The Circleville plant

Two hours flight from New York , but the distance, in terms of rhythms and landscapes, is much greater. In Ohio begins the Midwest, the large factories at the base of the American consumer economy. The visitor disembarked in Columbus, the capital, first of all notices the enormous spaces: endless expanses of nothing, interspersed with villages of a few thousand inhabitants. Here Intel will open two factories, a total of twenty billion dollars of investment, for the production of chips; here, where natural resources are abundant, we have long let ourselves be carried away.

At the beginning of the seventies, according to the chronicles, the Cuyahoga river (in the north of the state) literally caught fire. To ignite, the layer of oil that covered it. "The water was practically always covered with an oily veil and bubbled like a deadly stew - writes the Smithsonian Magazine -. Sometimes rats floated, their bodies so swollen they were practically the size of a dog.

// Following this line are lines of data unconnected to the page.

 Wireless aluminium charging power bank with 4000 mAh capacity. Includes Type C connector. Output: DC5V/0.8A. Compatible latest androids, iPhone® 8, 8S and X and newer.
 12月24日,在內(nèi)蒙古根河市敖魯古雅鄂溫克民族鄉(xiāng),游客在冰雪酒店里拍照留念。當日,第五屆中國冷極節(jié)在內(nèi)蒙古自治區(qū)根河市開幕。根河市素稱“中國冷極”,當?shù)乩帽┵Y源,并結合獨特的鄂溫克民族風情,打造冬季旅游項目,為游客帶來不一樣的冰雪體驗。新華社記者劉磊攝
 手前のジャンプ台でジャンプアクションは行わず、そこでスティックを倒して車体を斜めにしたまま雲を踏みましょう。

A disturbing spectacle, but also one of the realities of the city at that time ”.

"For more than a century, Cuyahoga was the preferred location for various manufacturing industries - notes the newspaper - Everyone knew it was polluted, but pollution meant that the industry thrived, the economy did sparks, and everyone had a job ”. "The river was scary," confirms Tim Donovan, a student at the time, to the newspaper. "The general rule was that if you fell into it, God free, it was better to run to the hospital."

Things have changed a lot since then. The environmental movements have won many battles and obtained stricter regulations on water spills, environmental emissions, chimney fumes. But the United States is also the country where the denier Donald Trump sat in the White House until 2020, leader of a global current with little interest in environmental issues. Calibrating an economy accustomed to moving without too many constraints on the basis of new and increasingly stringent parameters is not easy. The ecological transition, in order not to become unpopular with the voters, must be systematised with the needs of employment, the recovery of investments, and consolidated lifestyles. Who arrives last, in this case, enjoys a colossal advantage. And Sofidel slipped through the opening.

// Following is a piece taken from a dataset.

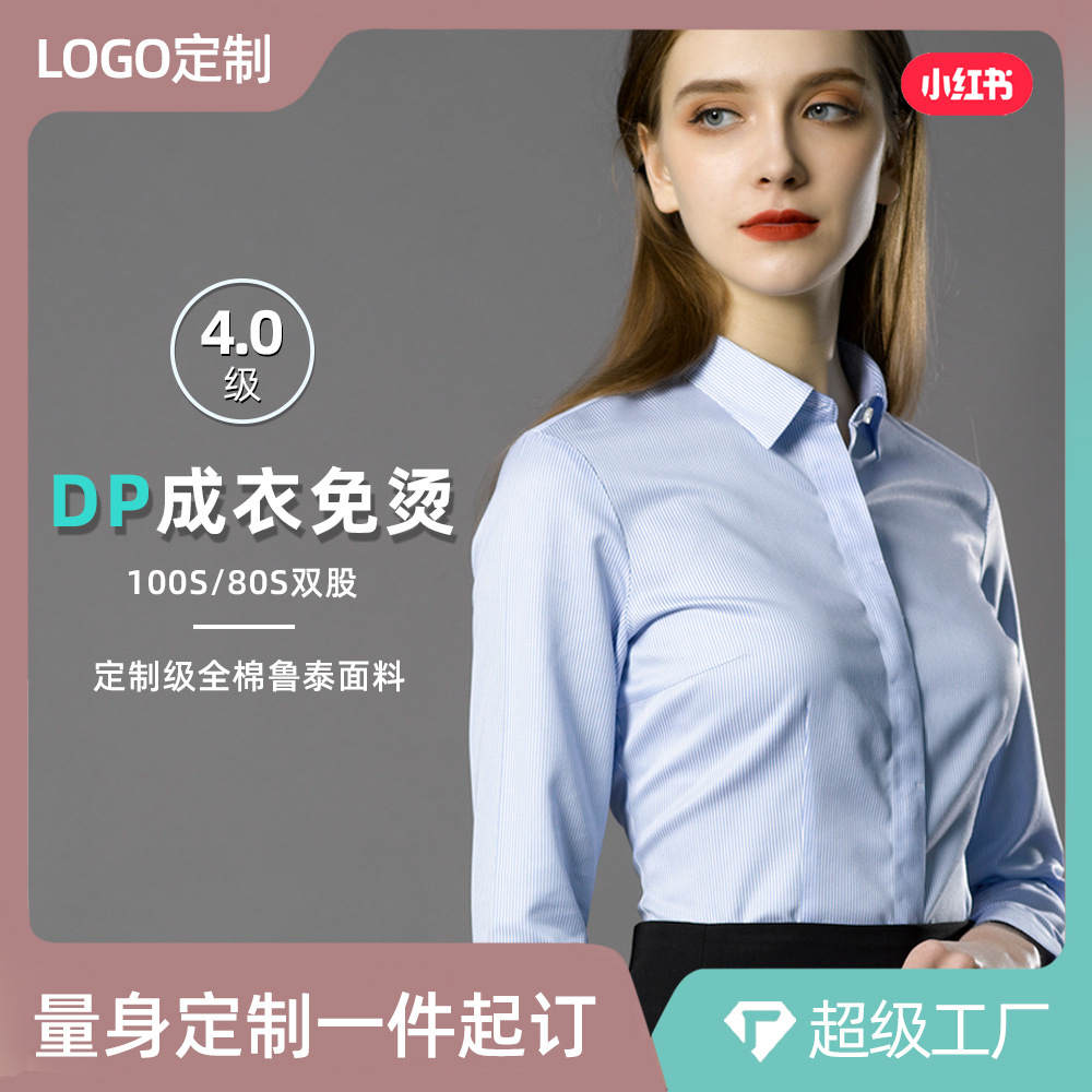 2025 春の新作レディースシャツ竹繊維長袖レディースシャツノンアイロンプロフェッショナルウェア刺繍ロゴ白シャツ

The Tuscan multinational has built a plant in Circleville based on the most recent environmental criteria. A huge warehouse, one million square meters and one kilometer long side, from which to try to bring the sector into the twenty-first century.

The impression, at first sight, is to be in a very different reality than to the collective imagination of the factory. Laser-guided forklifts as large as vans whiz through the corridors, independently loading the huge bales necessary for processing. Self-propelled pachyderms that run and turn as directed by a vigilant imaginary equipped with a shovel and whistle: but the beasts are able to stop in a few centimeters if they detect an obstacle. Of course, we have experienced this.

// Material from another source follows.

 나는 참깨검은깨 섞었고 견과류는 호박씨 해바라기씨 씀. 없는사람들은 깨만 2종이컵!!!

Warehouse technologies are borrowed from the food & beverage sector, similar to those of the Tannico automatic warehouse already visited by sportsgaming.win. Fully digital management saves up to 40% of space and minimizes labor.

One of the gigantic laser-guided forklifts (photo: Antonio Piemontese)

The two colossal paper mill machines are supplied by Valmet, a world leader in Finland. As regards, instead, the second phase of production, converting, ten lines are installed in Circleville for the realization of the finished product: three are produced by Fabio Perini, another Italian multinational based in the Tuscan tissue valley and capable of exporting all over the world.

Cellulose comes from certified forests, explains the company, with the guarantee that the cut trees will be replanted. The huge amount of energy needed for processing comes from renewable sources, through long-term agreements with suppliers.

Finally, alongside the use of cogeneration plants - i.e. intended for the joint production of energy and heat - Sofidel has implemented a system for recovering the heat generated by the turbines, which can be conveyed through specific extraction hoods and first used for drying paper reels, and later recovered for the production of steam. This system is able to provide almost all the energy necessary for drying the paper, and can power - under certain conditions - the entire machine.